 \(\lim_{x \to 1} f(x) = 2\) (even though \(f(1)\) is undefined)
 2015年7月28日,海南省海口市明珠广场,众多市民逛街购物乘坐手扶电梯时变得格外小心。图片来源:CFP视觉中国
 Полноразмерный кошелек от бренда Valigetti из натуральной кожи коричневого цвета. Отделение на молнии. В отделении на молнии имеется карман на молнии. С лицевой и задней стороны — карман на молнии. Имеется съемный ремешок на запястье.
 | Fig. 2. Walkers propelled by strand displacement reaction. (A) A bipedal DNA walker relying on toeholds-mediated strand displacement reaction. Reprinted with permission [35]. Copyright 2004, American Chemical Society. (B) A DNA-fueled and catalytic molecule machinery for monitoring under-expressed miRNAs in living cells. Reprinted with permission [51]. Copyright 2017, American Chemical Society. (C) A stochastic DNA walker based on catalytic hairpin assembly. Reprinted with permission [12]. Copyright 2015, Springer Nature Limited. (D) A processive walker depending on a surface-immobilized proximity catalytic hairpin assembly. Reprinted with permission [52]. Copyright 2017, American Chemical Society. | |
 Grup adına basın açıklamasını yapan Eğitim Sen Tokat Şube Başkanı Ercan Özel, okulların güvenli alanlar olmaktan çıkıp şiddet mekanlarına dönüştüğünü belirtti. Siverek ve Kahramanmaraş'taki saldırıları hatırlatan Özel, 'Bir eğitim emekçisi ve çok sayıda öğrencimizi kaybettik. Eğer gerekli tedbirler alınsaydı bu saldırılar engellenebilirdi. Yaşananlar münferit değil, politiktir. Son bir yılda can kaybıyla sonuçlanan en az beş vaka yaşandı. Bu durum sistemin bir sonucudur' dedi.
...
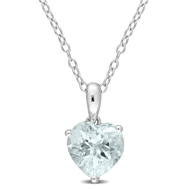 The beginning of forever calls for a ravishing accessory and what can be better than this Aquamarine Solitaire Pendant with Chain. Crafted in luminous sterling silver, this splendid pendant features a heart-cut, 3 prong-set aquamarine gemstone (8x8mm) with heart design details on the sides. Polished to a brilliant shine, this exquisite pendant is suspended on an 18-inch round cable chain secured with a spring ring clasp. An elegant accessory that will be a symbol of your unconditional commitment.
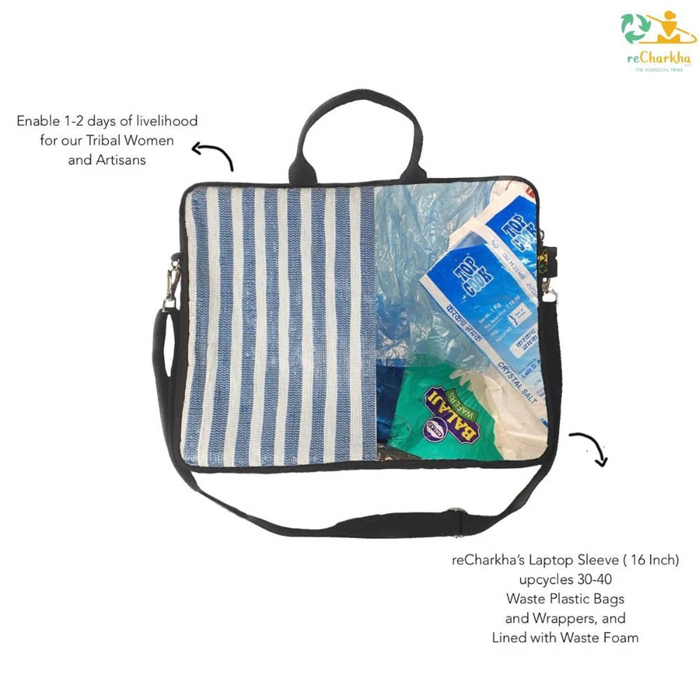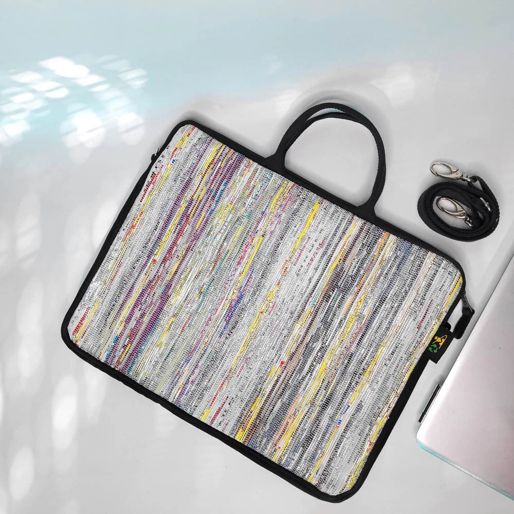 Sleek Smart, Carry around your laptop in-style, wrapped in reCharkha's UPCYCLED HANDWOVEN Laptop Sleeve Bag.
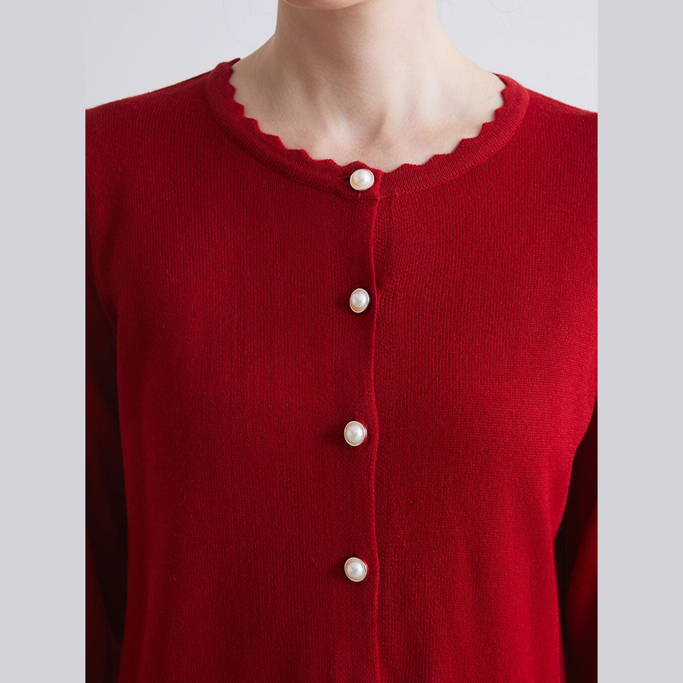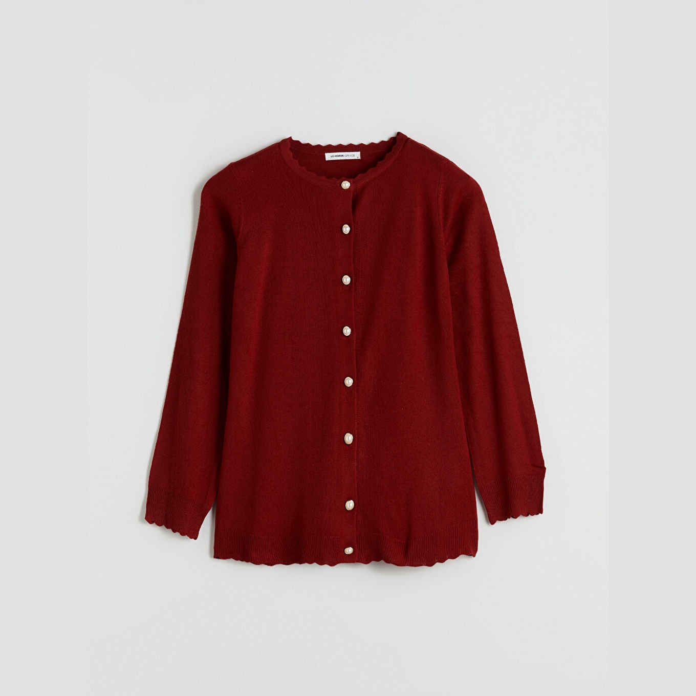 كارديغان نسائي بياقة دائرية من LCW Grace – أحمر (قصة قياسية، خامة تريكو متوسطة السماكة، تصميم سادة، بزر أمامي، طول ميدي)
---
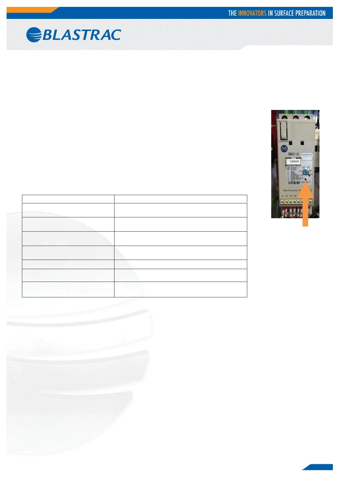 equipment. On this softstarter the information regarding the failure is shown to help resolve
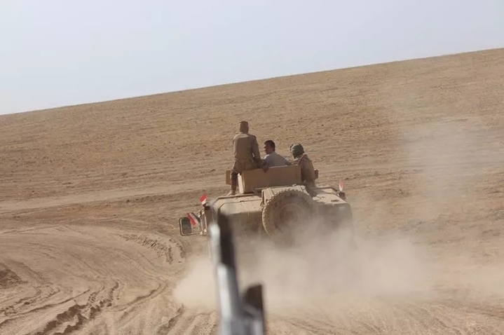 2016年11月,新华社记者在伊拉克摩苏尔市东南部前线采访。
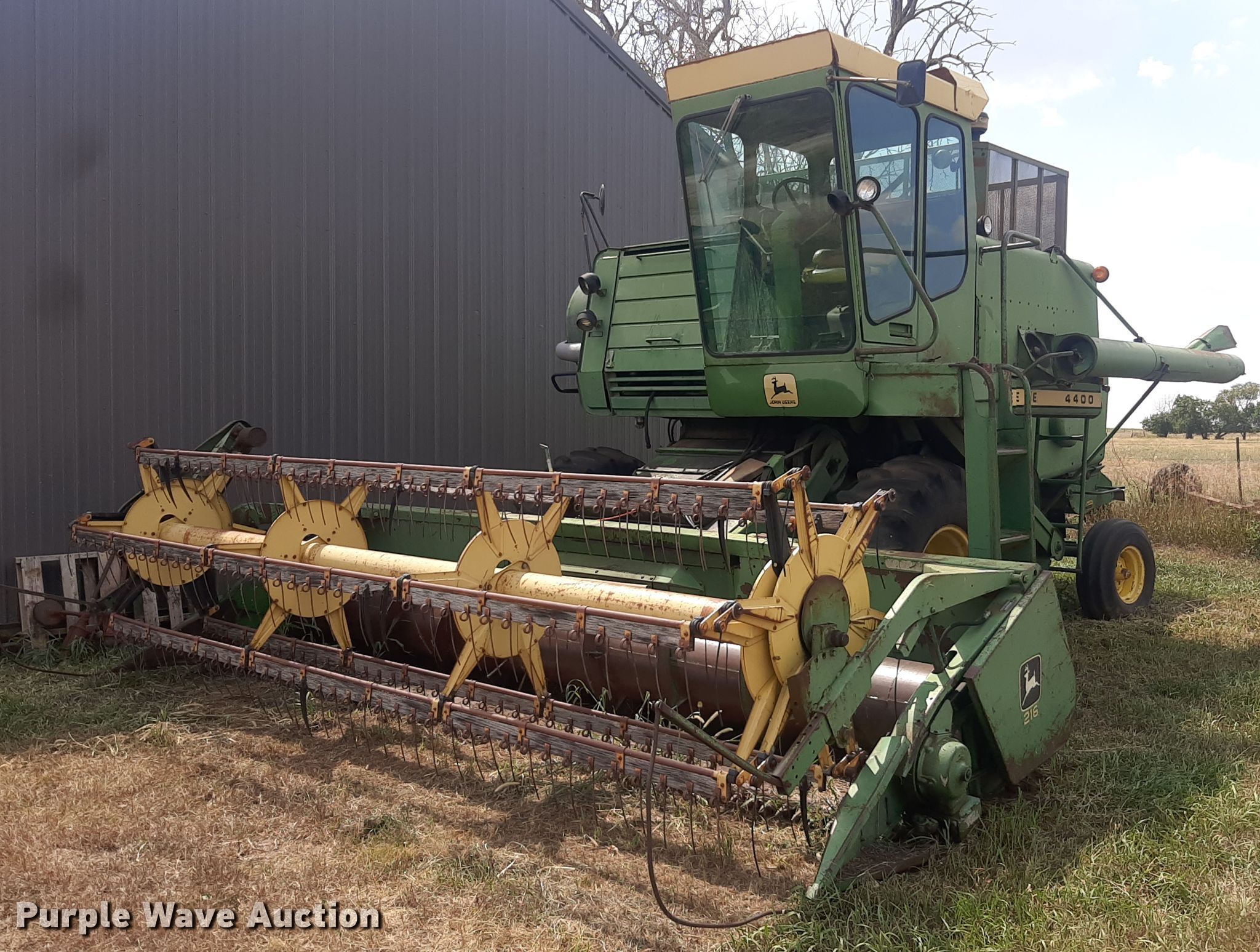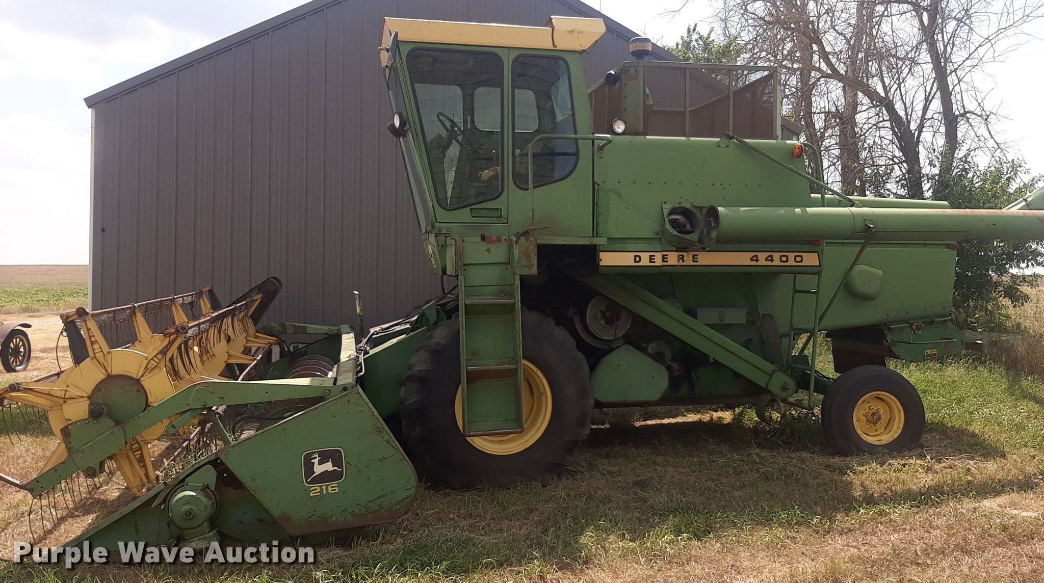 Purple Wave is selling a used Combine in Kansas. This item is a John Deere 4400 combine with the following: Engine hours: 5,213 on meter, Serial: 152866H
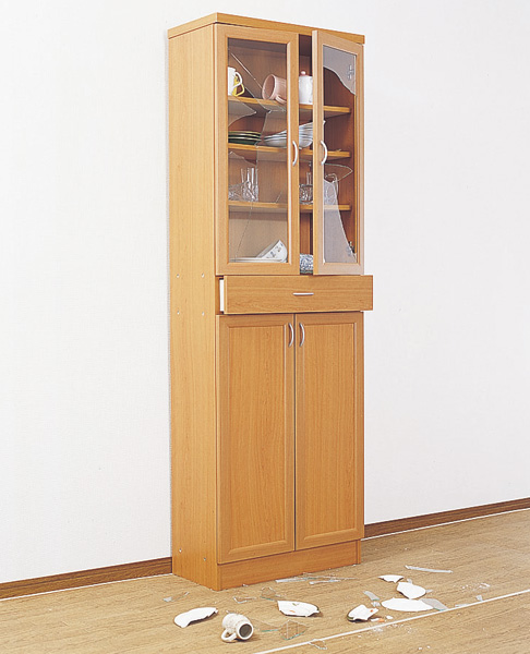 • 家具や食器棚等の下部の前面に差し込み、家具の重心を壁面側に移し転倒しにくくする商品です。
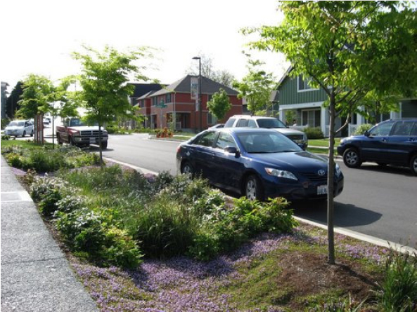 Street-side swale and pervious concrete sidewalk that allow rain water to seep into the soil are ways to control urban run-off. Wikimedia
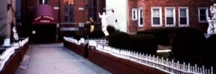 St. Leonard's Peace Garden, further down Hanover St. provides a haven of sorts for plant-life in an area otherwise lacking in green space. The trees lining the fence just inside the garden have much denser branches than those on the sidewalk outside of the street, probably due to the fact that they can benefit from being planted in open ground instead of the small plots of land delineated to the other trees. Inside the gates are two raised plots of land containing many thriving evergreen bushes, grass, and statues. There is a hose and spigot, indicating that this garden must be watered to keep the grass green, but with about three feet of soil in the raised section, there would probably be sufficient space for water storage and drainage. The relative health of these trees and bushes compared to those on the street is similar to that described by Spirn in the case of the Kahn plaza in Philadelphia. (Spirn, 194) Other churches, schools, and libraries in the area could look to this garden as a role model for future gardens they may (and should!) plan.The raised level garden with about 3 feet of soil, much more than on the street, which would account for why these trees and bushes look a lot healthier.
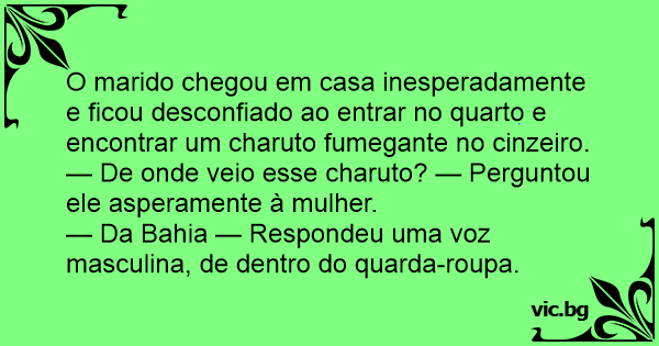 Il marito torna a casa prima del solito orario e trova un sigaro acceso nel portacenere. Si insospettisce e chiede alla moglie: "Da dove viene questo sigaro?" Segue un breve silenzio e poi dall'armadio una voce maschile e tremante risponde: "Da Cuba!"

#### [Prompt]
Print only what lies in the material above starting at the line with "though \(f(1)\) is undefined)" and ending at the line with "Полноразмерный кошелек от", every line exactly as given.

#### [Solution to this problem]
 \(\lim_{x \to 1} f(x) = 2\) (even though \(f(1)\) is undefined)
 2015年7月28日,海南省海口市明珠广场,众多市民逛街购物乘坐手扶电梯时变得格外小心。图片来源:CFP视觉中国
 Полноразмерный кошелек от бренда Valigetti из натуральной кожи коричневого цвета. Отделение на молнии. В отделении на молнии имеется карман на молнии. С лицевой и задней стороны — карман на молнии. Имеется съемный ремешок на запястье.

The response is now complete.